Se impuso así la que terminó por ser una de las figuras más pintorescas del XIX habanero: el carro de la carne, pues, aunque el comercio en pleno se resistió a la introducción de su uso y Tacón tuvo que ponerse en modo «por mis santos…», finalmente aceptaron que el nuevo sistema tenía múltiples ventajas, desde el aspecto de la sanidad hasta el de la seguridad.

Carro de la carne del Matadero de La Habana
Con la obligación de transportar la carne en carros cerrados hasta sus puntos de expendio el Capitán General Miguel Tacón controló uno de los focos de infección que más afectaban a La Habana

Matadero de La Habana, corrupción e insalubridad

Sin embargo, una vez se fue Tacón el Matadero de La Habana – excepto en el tema de los carritos de la carne, que en eso sí se ganó – todo se desmadró y continuó siendo un quebradero de cabeza para las autoridades habaneras; tanto que en en el entresiglo se referían a él como «el foco», pues se le consideraba, en gran parte, culpable de las fiebres y vómitos que consumían a los enfermos de San Ambrosio, las cuales eran consecuencia de los efluvios que hasta la ensenada de Atarés llevaba el inmundo riachuelo que diera nombre a la calle Arroyo.

De la misma forma, el Matadero de La Habana no pudo escapar del que se consideró uno de los males más grandes de la dominación colonial española, la corrupción, pues si bien hubo gobernantes honrados como Tacón, la gran mayoría se sumaba a las timbas o en el mejor de los casos dejaba hacer. Así, el periódico La Lucha se quejaba de la situación que a mediados de la década de 1880 ocurría con el ganado que se importaba de la Florida:

«Un criador de ganado nos dice que aquí cuando se desembarcan reses procedentes de la Florida con destino al matadero (…) las que el veterinario desecha como inconvenientes para la matanza por virtud de su mal estado, se llevan a determinados puntos, donde no se respetan las determinaciones facultativas y son beneficiados los animales (…) Está visto que aquí vivimos de milagro.»
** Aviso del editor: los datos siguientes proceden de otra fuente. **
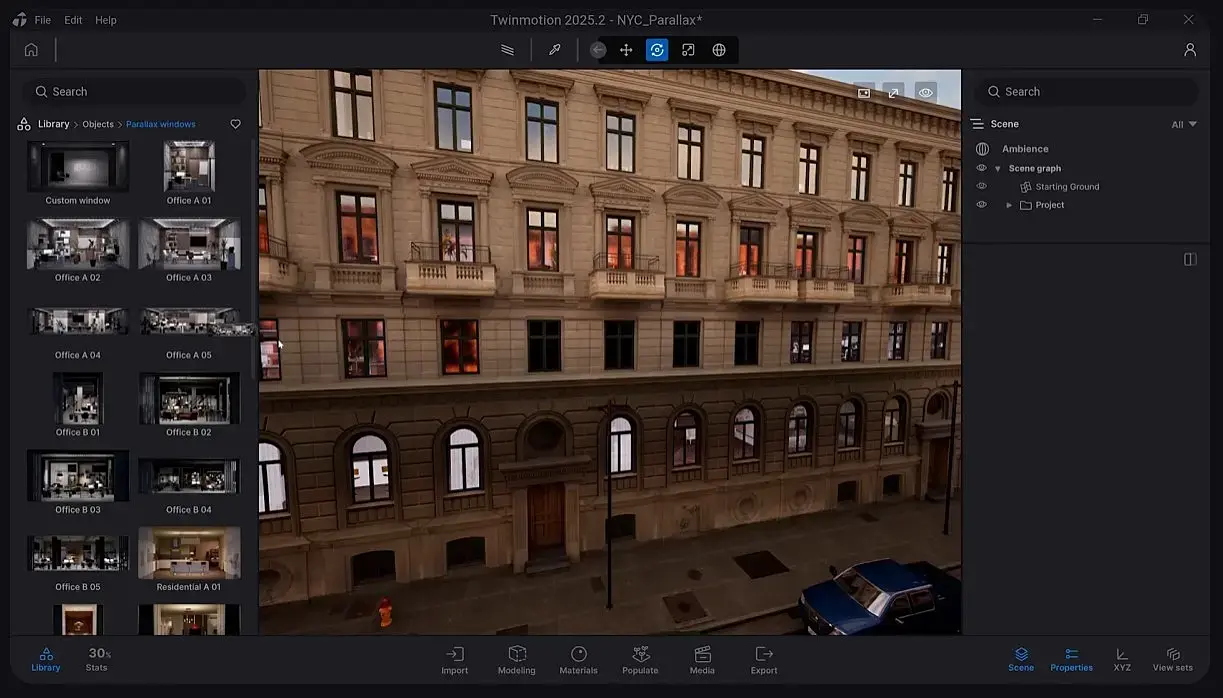 Вы можете конвертировать сетки в Nanite как при импорте, так и после него, включая пакетное конвертирование всех сеток, связанных с объектом. Вы также можете конвертировать в Nanite 3D-ресурсы Megascans и 3D-растения, а также ресурсы Sketchfab. Есть проект, который кажется слишком тяжёлым и медленным? Попробуйте Nanite и почувствуйте разницу. Визуализация экономит время. Кто не любит более быстрый и простой способ изображения чего-либо, когда он выполняет работу так же хорошо, как и сложный путь, и при этом минимизирует влияние на производительность? Две новые функции в выпуске четко попадают в эту категорию. Во-первых, появилась новая поддержка окон параллакса . Если вы визуализируете внешний вид здания, моделирование того, что может находиться внутри окон для дополнительного реализма, может быть утомительной рутиной. Окна параллакса используют шейдер Open Shading Language (OSL) для создания иллюзии внутренней глубины на простой легкой плоскости, имитируя комнаты или интерьеры зданий без необходимости сложной трехмерной геометрии. Вам даже не нужно моделировать оконные проемы — просто поместите окно параллакса на внешнюю поверхность. В выпуск включили папку окон параллакса с 27 различными интерьерами в библиотеку, охватывающую темы офисов, жилых домов, спортзалов и магазинов, а также пользовательское окно, которое позволяет вам добавлять собственные карты из таких источников, как wParallax и Evermotion . Функция включает в себя возможность имитировать стеклянное покрытие, а также ночное освещение с анимированной случайной выборкой.

La Lucha. 19 de julio de 1886

A esto se sumaba el hecho de que el frecuente desborde del cercano «Arroyo del Matadero» que provocaban las lluvias, unido al escurrimiento de las aguas hacia la zona baja en la que se encontraba el Matadero de La Habana, obligaban a la suspensión de la matanza con cierta frecuencia, un percance bastante serio en una ciudad que crecía en población constantemente y que dependía casi por completo de los corrales del barrio de El Horcón para su abasto de carne.

De ahí que las autoridades del Ayuntamiento se plantearan ya desde finales del siglo XIX la conveniencia de su traslado hacia zonas más alejadas del centro de la ciudad.